On July 1, 2025, the Company acquired 100% of the membership interests of Accu-Fab, LLC (Accu-Fab). The acquisition was consummated in accordance with the terms of the Purchase Agreement dated May 23, 2025, among the Company, Accu-Fab, and Tide Rock YieldCo, LLC (the Seller). The purchase price of the acquisition was $140,500, subject to customary adjustments for the amount of cash, indebtedness, net working capital, and certain expenses of Accu-Fab as of the closing. The acquisition of Accu-Fab was structured as a stock purchase for accounting purposes. As of the closing of the acquisition, after taking into account the estimated adjustments, the Company paid the Seller a total net consideration of $141,185. The Company financed the acquisition by borrowing under its amended and restated credit agreement as described in Note 4 - Debt in the Notes to the Condensed Consolidated Financial Statements.
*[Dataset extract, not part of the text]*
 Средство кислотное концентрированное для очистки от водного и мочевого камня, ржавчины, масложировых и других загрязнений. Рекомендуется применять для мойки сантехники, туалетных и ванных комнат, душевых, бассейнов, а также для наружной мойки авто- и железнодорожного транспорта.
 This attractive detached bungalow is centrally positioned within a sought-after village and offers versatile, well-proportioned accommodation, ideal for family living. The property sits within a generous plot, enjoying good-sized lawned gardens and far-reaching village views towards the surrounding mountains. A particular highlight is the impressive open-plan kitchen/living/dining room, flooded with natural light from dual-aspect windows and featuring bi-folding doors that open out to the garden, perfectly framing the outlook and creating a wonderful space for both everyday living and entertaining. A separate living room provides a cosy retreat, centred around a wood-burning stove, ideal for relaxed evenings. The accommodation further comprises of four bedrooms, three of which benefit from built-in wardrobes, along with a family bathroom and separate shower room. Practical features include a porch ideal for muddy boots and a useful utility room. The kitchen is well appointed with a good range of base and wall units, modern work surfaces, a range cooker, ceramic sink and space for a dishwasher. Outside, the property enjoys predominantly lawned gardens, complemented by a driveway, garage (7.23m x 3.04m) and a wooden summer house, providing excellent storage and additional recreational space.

With locations in Wheeling, Illinois and Raleigh, North Carolina, Accu-Fab is a vertically integrated manufacturing partner providing technology driven, cutting edge metal fabrication solutions to large OEMs. Accu-Fab offers value-added services including design, engineering, sheet metal fabrication and integration, and specialized finishing. The acquisition enhances MEC’s strategic position by broadening its customer base and accelerating its entry into the rapidly growing data center & critical power infrastructure end markets.

The Company accounted for the acquisition using the acquisition method of accounting in accordance with ASC 805 - Business Combinations, with MEC being the acquiring entity. Transaction costs related to the acquisition were expensed as incurred within other selling, general, and administrative expenses and totaled $887 and $3,265 for the three and nine months ended September 30, 2025, respectively. The net sales and operating income of Accu-Fab, which is consolidated in MEC’s financial statements presented herein, since July 1, 2025 were $21,246 and $4,225, respectively, for the three months and nine months ended September 30, 2025.
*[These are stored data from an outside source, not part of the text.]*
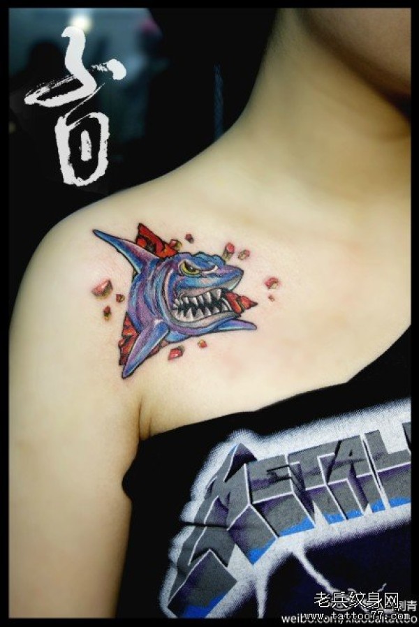 女生肩膀处经典很酷的鲨鱼纹身图案_女生纹身图案大全_纹身图吧
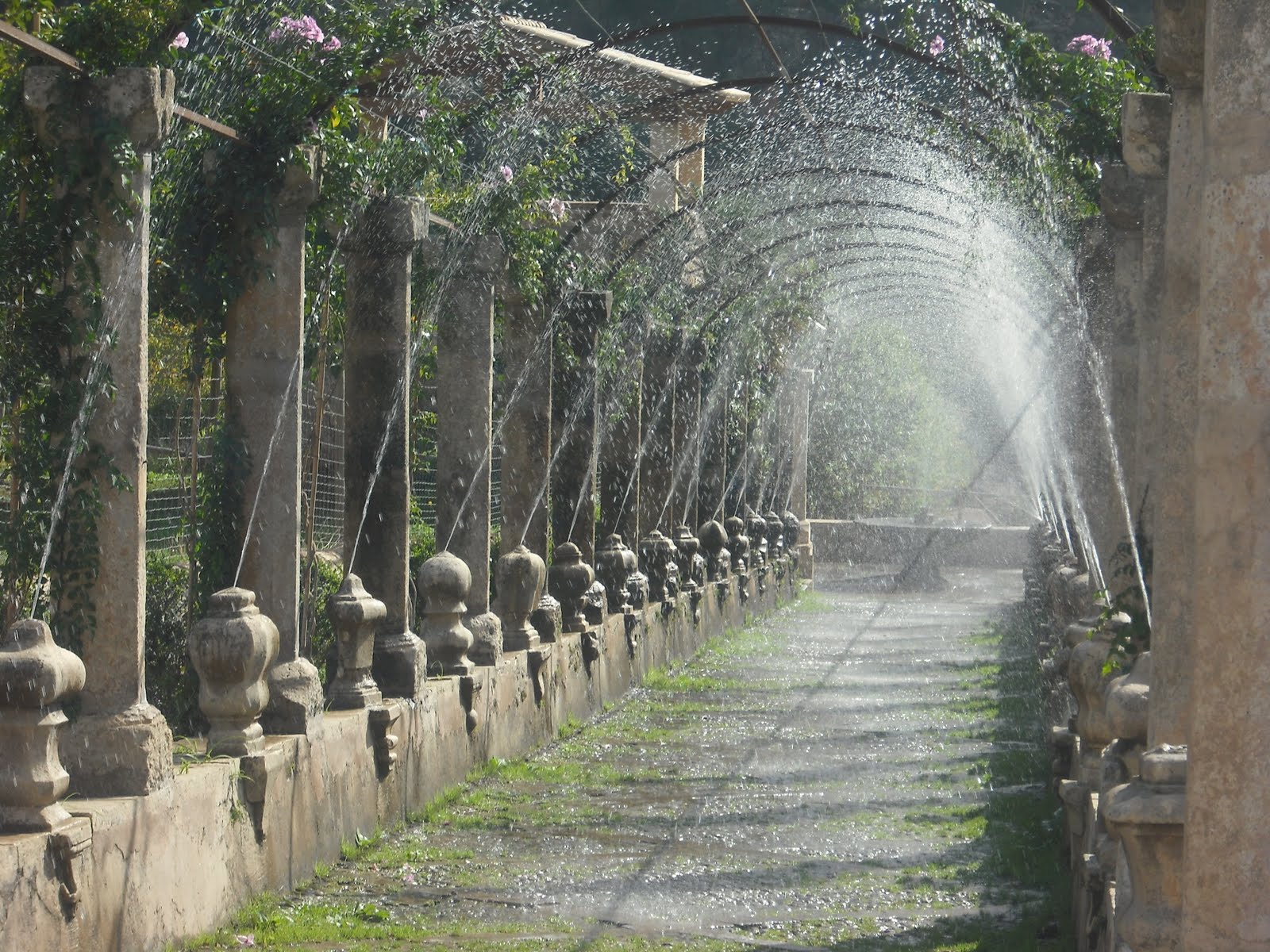 Далее путь проходит через особую аллею с 32 колонами и 24 фонтанами, расположенными по всей длине аллеи и поражающие игрой многочисленных струй воды. Фонтаны аллеи включаются нажатием на кнопку, расположенную на одной из колонн, так что каждый желающий может включить фонтаны и устроить освежающий душ своим спутникам. Будьте внимательны ;-) !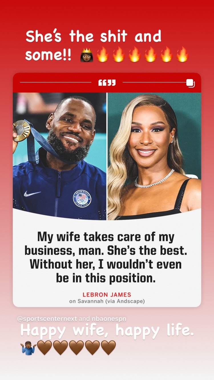 9月25日讯 今日,湖人前锋詹姆斯更新了Instagram Story动态。媒体ESPN转发了詹姆斯多年来称赞妻子的言论...

The aggregate purchase price has been allocated to the assets acquired and liabilities assumed based on their preliminary estimated fair values as of the acquisition date. The estimate of the excess purchase price over the preliminary estimated fair value of net tangible assets acquired was allocated to identifiable intangible assets and goodwill. The Company engaged an independent third party to assist with the identification and valuation of the acquired assets, including intangible assets. Management makes significant estimates and assumptions when determining the fair value of assets acquired and liabilities assumed. These estimates include, but are not limited to, discount rates, projected future net sales, projected future expected cash flows, useful lives, attrition rates, and growth rates. These measures are based on significant Level 3 inputs not observable in the market.
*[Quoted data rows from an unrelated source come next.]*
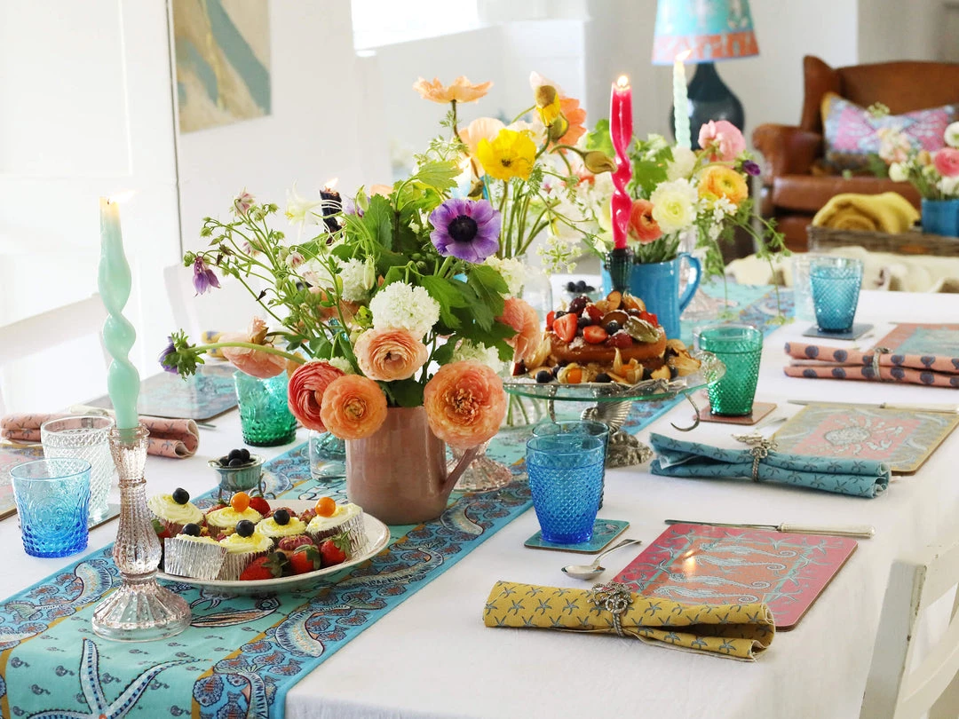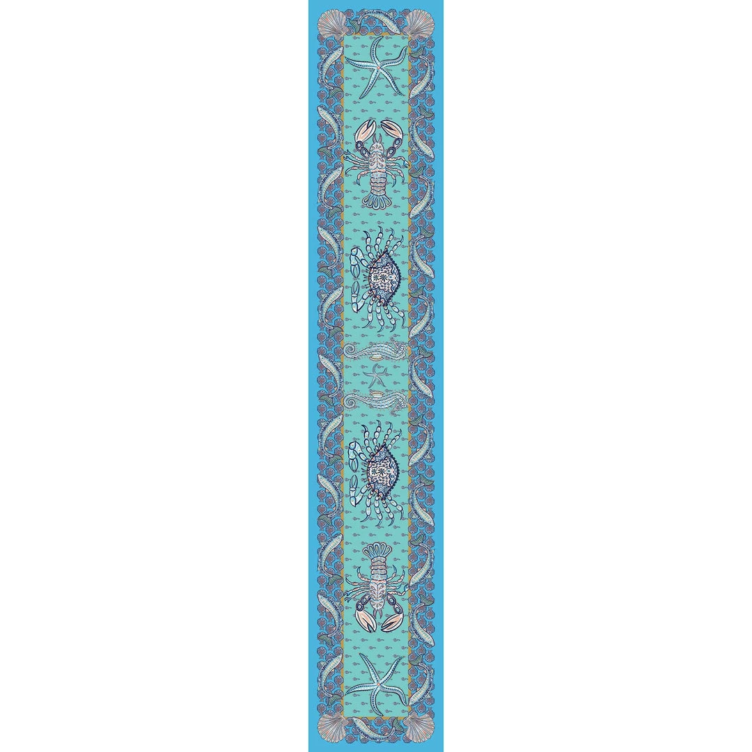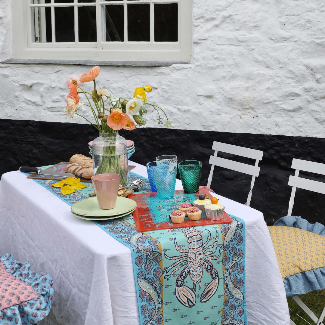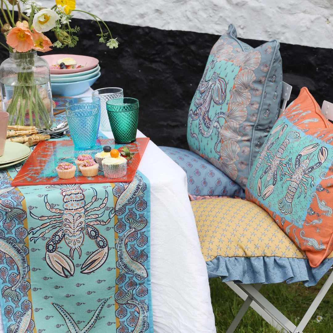 Our intricately illustrated lobster, crab, seahorse and starfish adorn the middle of the runner on a cerulean blue background. Surrounding them is a border of fish on a background of a striking cornflower blue. These colours instantly evoke memories of sparkling water and the coast, bringing summer feels into your home.Instantly turn your mealtime into an experience.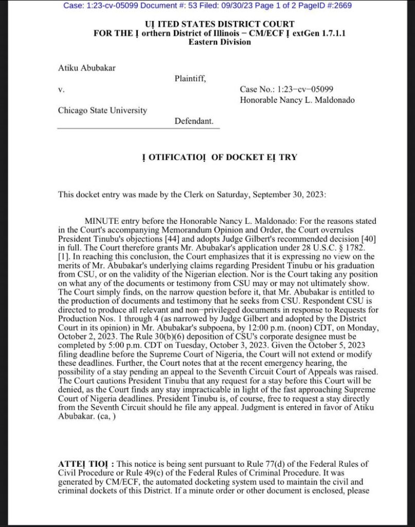 Judge Maldonado, on Saturday, ruled against Tinubu’s objection pleading that the release of his Chicago State University (CSU) records would cause him severe and irreparable harm.
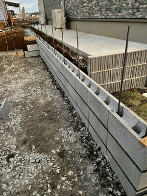 - 04月04日 つくば市S様邸 新築工事 外構工事 ブロック積みをおこないました

The following table is a summary of the assets acquired, liabilities assumed, and net cash consideration paid for the acquisition of Accu-Fab. The allocation is considered preliminary and subject to finalization within one year from the acquisition date:

Balance Sheet

Allocation

As of July 1,

2025

Cash and cash equivalents

$

1,123

Accounts receivable, net

14,118

Inventory

4,594

Prepaid expenses and other current assets

256

Property, plant and equipment

9,811

Operating lease assets

3,928

Intangible assets

Customer relationships

67,000

Non-compete agreements

2,200

Other long-term assets

7

Goodwill

47,639

Total assets acquired

150,676

Accounts payable

(4,101)

Lease liabilities, current

(1,231)

Accrued liabilities:

Salaries, wages, and payroll taxes

(661)

Bonuses and deferred compensation

(305)

Other current liabilities

(275)

Lease liabilities, non-current

(2,698)

Other long-term liabilities

(220)

Total liabilities assumed

(9,491)

Total consideration

$

141,185

Inventory was valued at its estimated fair value, which is defined as expected sales price, less costs to sell, plus a reasonable margin for selling effort. The valuation resulted in an inventory fair value step-up of $591 and was fully expensed and reflected in cost of sales on the Condensed Consolidated Statement of Comprehensive Income (Loss) during the three and nine months ended September 30, 2025.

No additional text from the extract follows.